И, как решительно все, с кем я знакомился, он спросил:

— Это настоящая фамилия?

— Да, — ответил я. — Настоящая.

Аверченко жил на Троицкой улице, в доме № 15. Двор был опрятный, гладко выложенный и выходил, так как был проезжим, и на Фонтанку.

Квартира Аверченко, состоявшая из трех комнат, производила очень уютное впечатление. В комнате побольше, куда был ход из передней, была столовая и приемная. Рядом, в комнате поменьше — с всегда открытой дверью — за письменным столом у окна, работал Аверченко, а в следующей, последней комнате была спальня. Дверь в нее тоже всегда была открыта, и виднелись штанги разных размеров, гантели и стул или два, заваленные газетами и книгами.

Стены во всей квартире вместо обоев были обтянуты сукнами. В спальне — синего цвета, в столовой — кремового, а в средней, рабочей комнате — лилового, или в этом роде.

Дверь мне открыла горничная Надя, небольшого роста блондинка с умными, зоркими глазами. До моего прихода она говорила по телефону, и, впустив меня без всяких расспросов в столовую, поспешила продолжать разговор.

Телефон стоял на столе Аверченко, и для того, чтобы держать трубку постороннему человеку, т. е. не сидящему за столом, нужно было нагнуться. Как-то так неудобно был расположен аппарат. И Надя говорила, нагнувшись над плечом Аверченко. Разговор был не деловой. Речь шла о родственниках Нади, о поклонах какой-то куме, о чьем-то приезде.

В дальнейших моих посещениях Аверченко (он по всем делам редакции «Нового Сатирикона» принимал у себя на дому), я не раз видел Надю в такой позе, что не мешало Аверченко работать.

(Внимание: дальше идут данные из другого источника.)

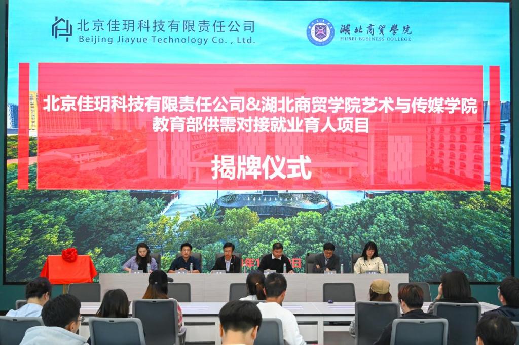 在校企双方的见证下,北京佳玥科技有限公司CEO孙浩与艺术与传媒学院院长薛果共同为“教育部供需对接就业育人项目基地”揭牌。
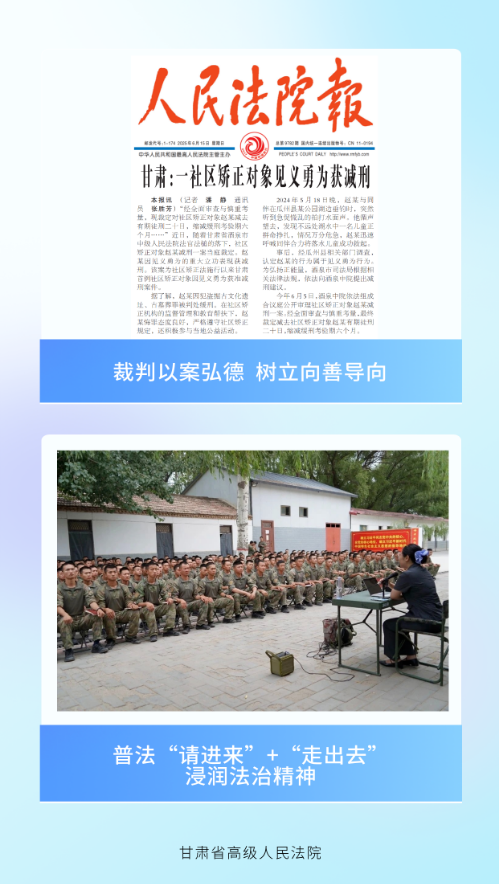 稳定之序,需要价值引领。人民法院的裁判,一端连着法律,一端系着人心。酒泉中院审理的社区矫正对象因见义勇为减刑案,正是这份担当的缩影。法院裁定不仅裁断个案刑期,更裁明了“惩恶扬善、鼓励向善”的司法态度,向全社会传递了司法守护正义底线、珍视向善勇气的清晰信号,为培育尊法尚德的社会风尚注入坚实力量。
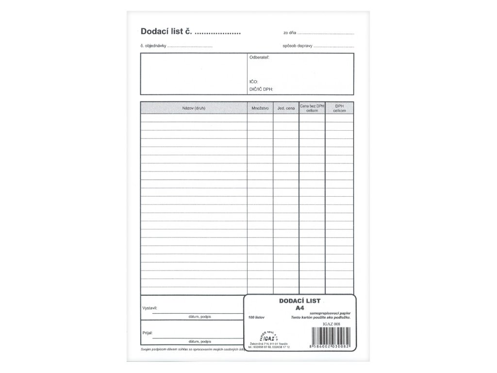 Dodací list s DPH A4, samoprepis /8/ OMIDodatočné parametre
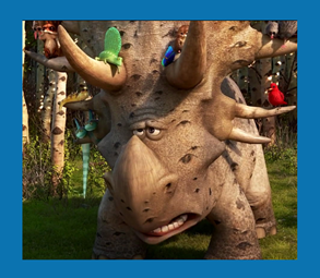 De façon officielle, le Collectionneur est présenté comme appartenant à l’espèce des styracosaure, des dinosaures herbivores du Crétacé. Pour autant, il n’en est pas un parfait représentant car il possède plus que neuf cornes sur sa tête ! Certaines de ses cornes sont caractéristiques des tricératops, cousins des styracosaures, ayant vécu à la fin du Maastrichtien, au Crétacé supérieur, il y a 68 à 65 millions d'années. Le Collectionneur est donc un savant mélange de plusieurs dinosaures de la famille des cératopsidés qui se caractérisent par leur bec, leurs rangées de dents pour mâcher l'herbe au fond de la bouche, de même que par des cornes et des collerettes élaborées. |
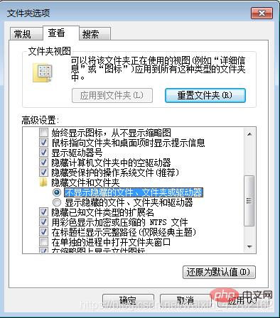 在高级设置中向下搜索,可看到显示隐藏文件夹,点击确认
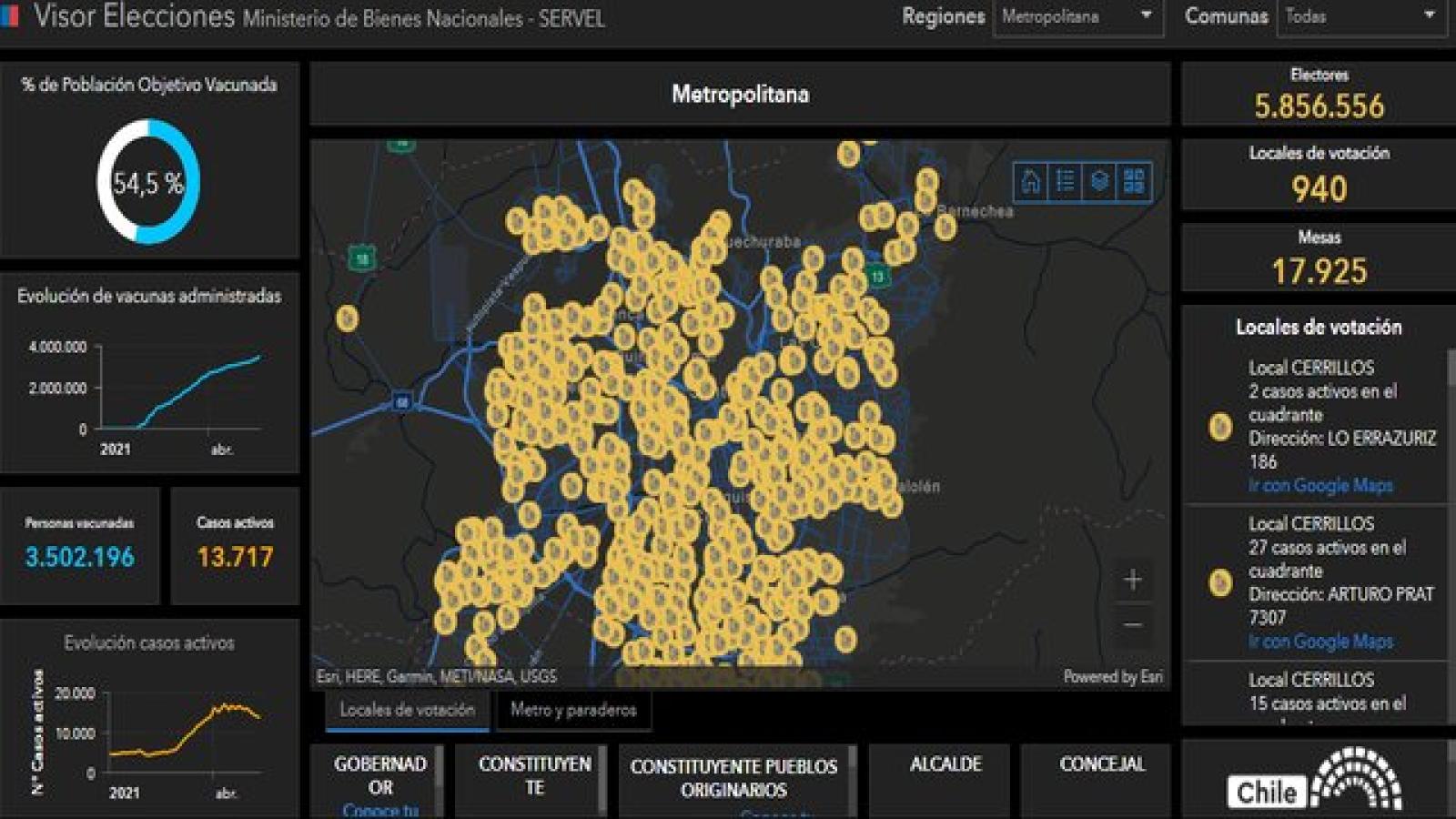 También permite revisar los datos del local, la cantidad de electores y otras cifras vinculadas a la pandemia, como el porcentaje de población objetivo vacunada contra el Covid-19.
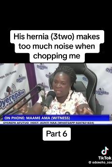 She stated that he can only perform for one minute in bed, and has a hernia that makes so much noise during intercourse.
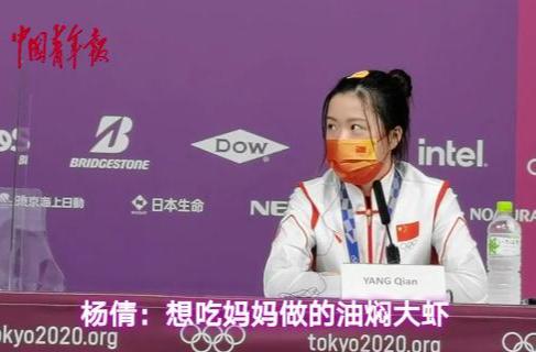 在赛后发布会上,中青报记者替远在宁波的杨倩妈妈问女儿想吃什么,杨倩的答案是:油焖大虾。
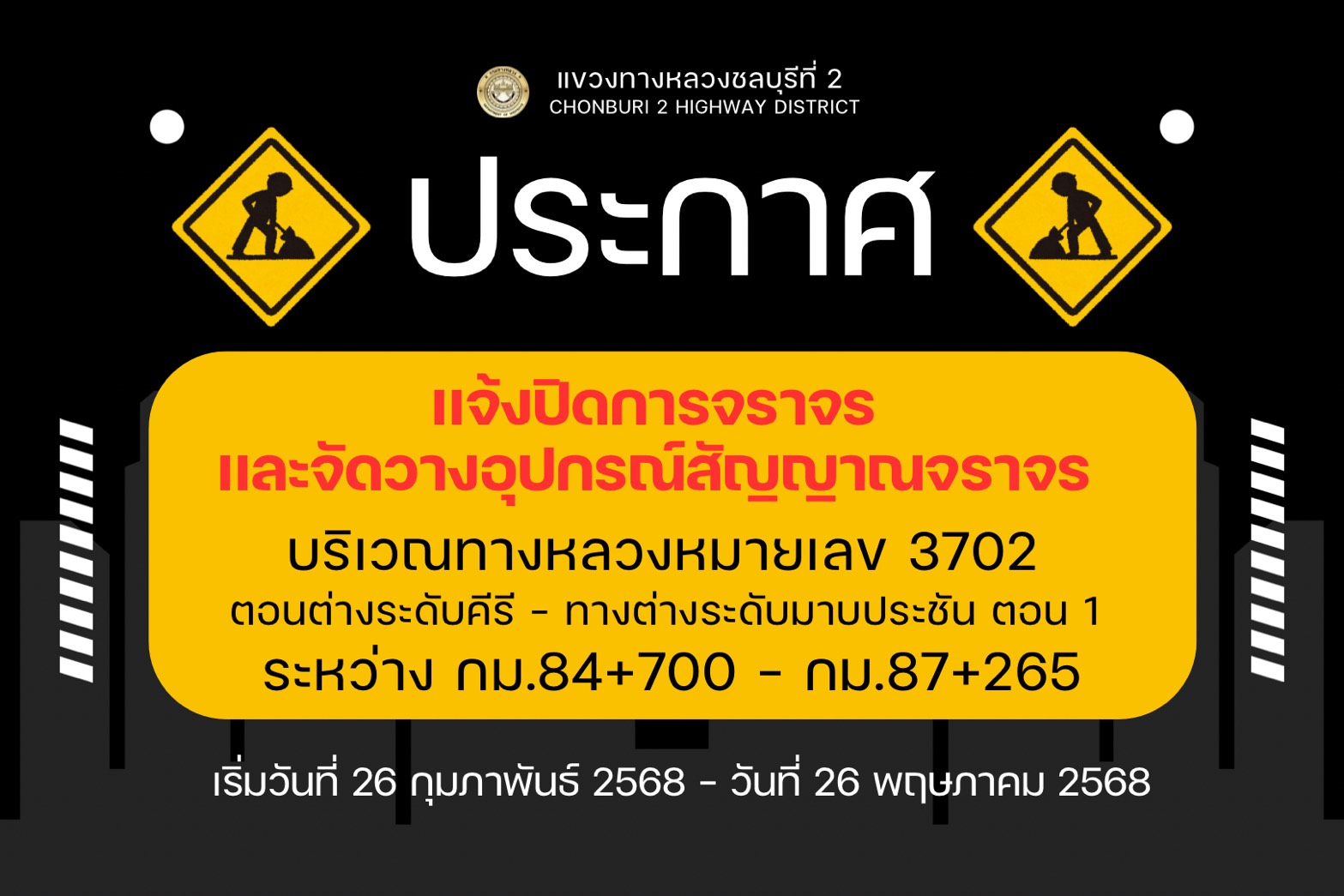 แจ้งพื้นที่ก่อสร้างงานจ้างเหมา ทำการกิจกรรมบำรุงรักษาทางหลวง งานซ่อมทางผิวแอสฟัลต์ บริเวณทางหลวงหมายเลข 3702
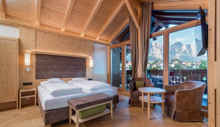 Once built as a spa hotel, from here you can enjoy a breathtaking view on the Sciliar, our local mountain, and the legendary South Tyrolean Dolomites.
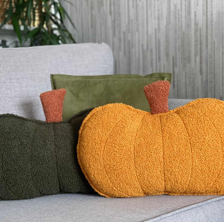 Forest Green Boucle Pumpkin Cushion Autumn Fall Halloween Decor Pillow
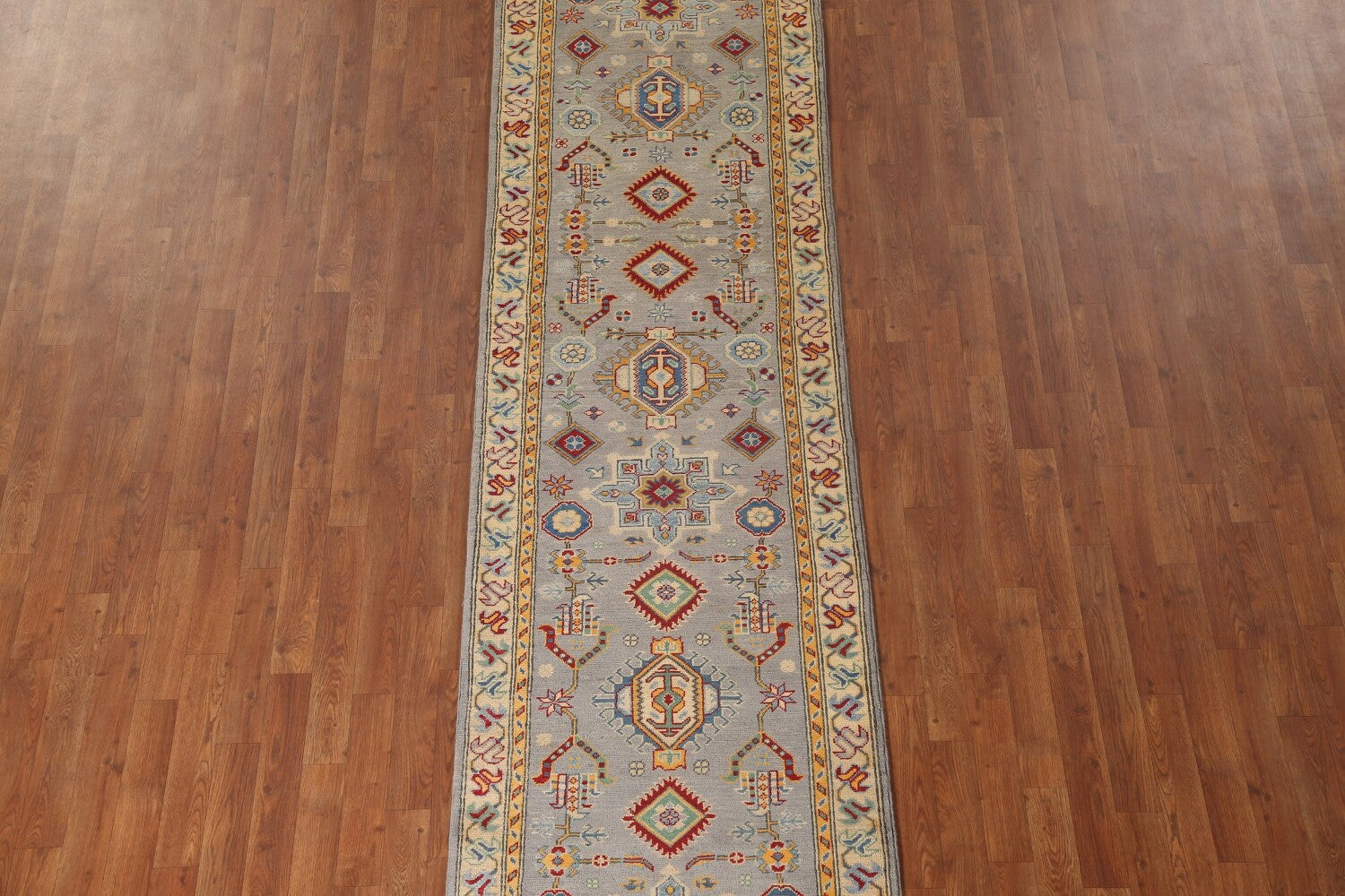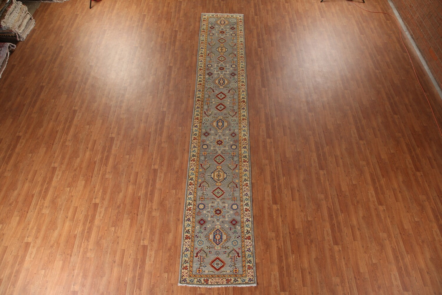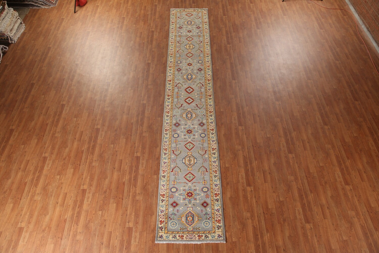 A Beautiful Genuine Pakistan Kazak rug is Hand Knotted by skillful weavers in Pakistan with 100% Wool Material. This rug is in New, First Quality condition. dimensions are 16' 3'' X 2' 8'' in foot and 495 X 81 in centimeter. the primary color is Greys & Charcoal.
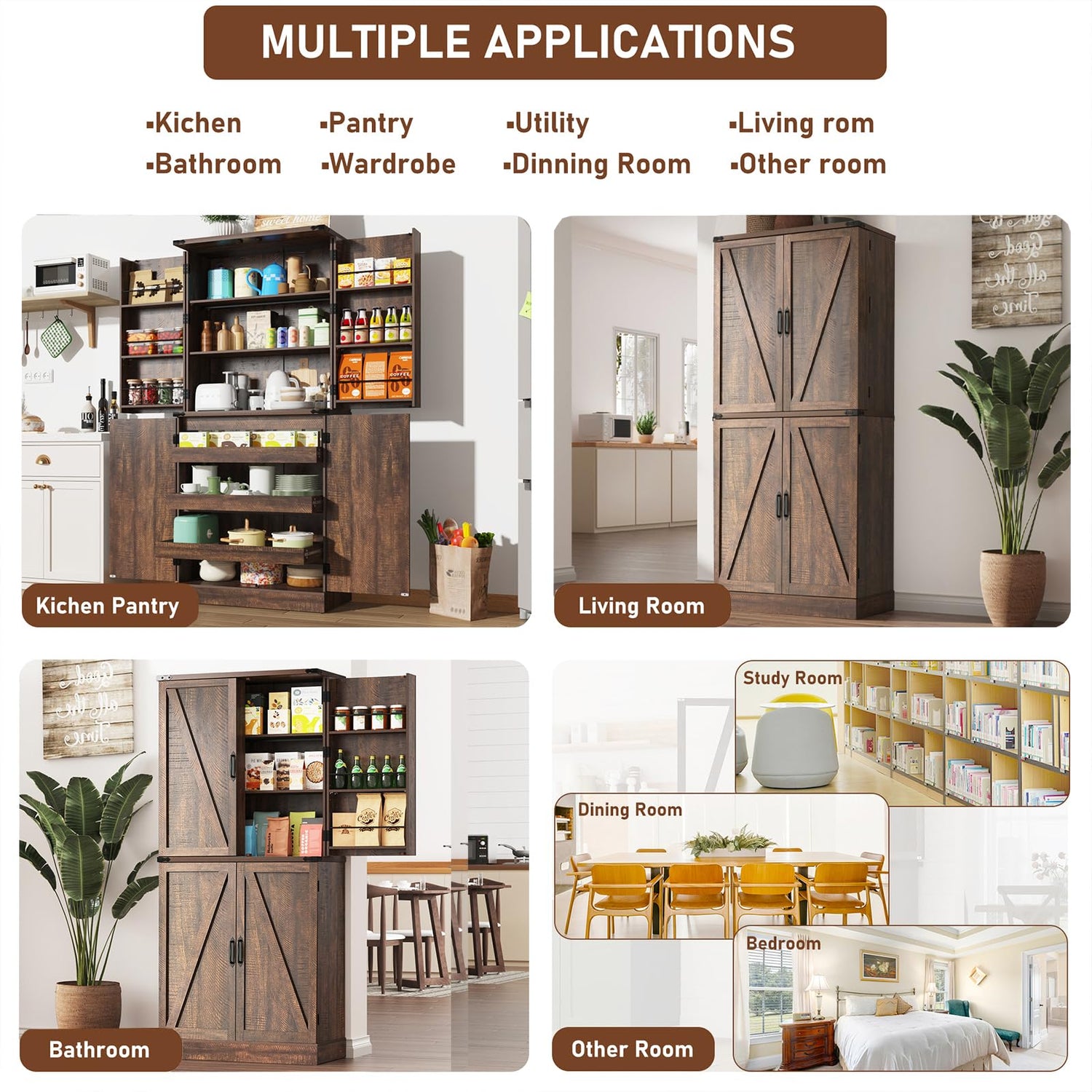 - Multi-Purpose Farmhouse Storage Cabinets:This Storage Cabinet can be used as kitchen cabinet,craft cabinet,food pantry cabinet,bathroom storage cabinet and so on, Transform your kitchen cabinets from cluttered, hard-to-reach spaces into efficient, organized storage havens, perfect for cabinets, kitchen, pantry,bathroom,living room,office,and more.It can be placed in any space in your home that needs storage to keep your home neat and tidy.
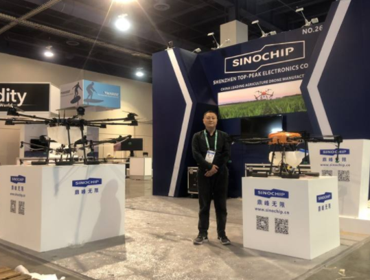 深圳鼎峰无限携多款农用植保机亮相展会,公司也是多年展会的老朋友了而且每年还会参加美国无人系统展,应该说是国内活跃度较高的植保无人机厂家。

Надя, простая девушка, но очень тактичная и умная, держала себя свободно, с достоинством, чувствовала себя как дома и поддерживала в квартире и в обращении с многочисленными и разнообразными посетителями удивительно теплый тон.

Это было характерно для Аверченко, ибо источником этого тона был, конечно, хозяин.

Аверченко был добродушен, доброжелателен, глубоко порядочен, демократичен, и — при наличии в нем также и воли и решительности и достаточной доли упрямства и всяких других человеческих слабостей — все же нельзя было представить себе, чтобы он был с кем-нибудь груб, резок или неделикатен.

В первую голову это видно было по тому, как себя чувствовала горничная Надя.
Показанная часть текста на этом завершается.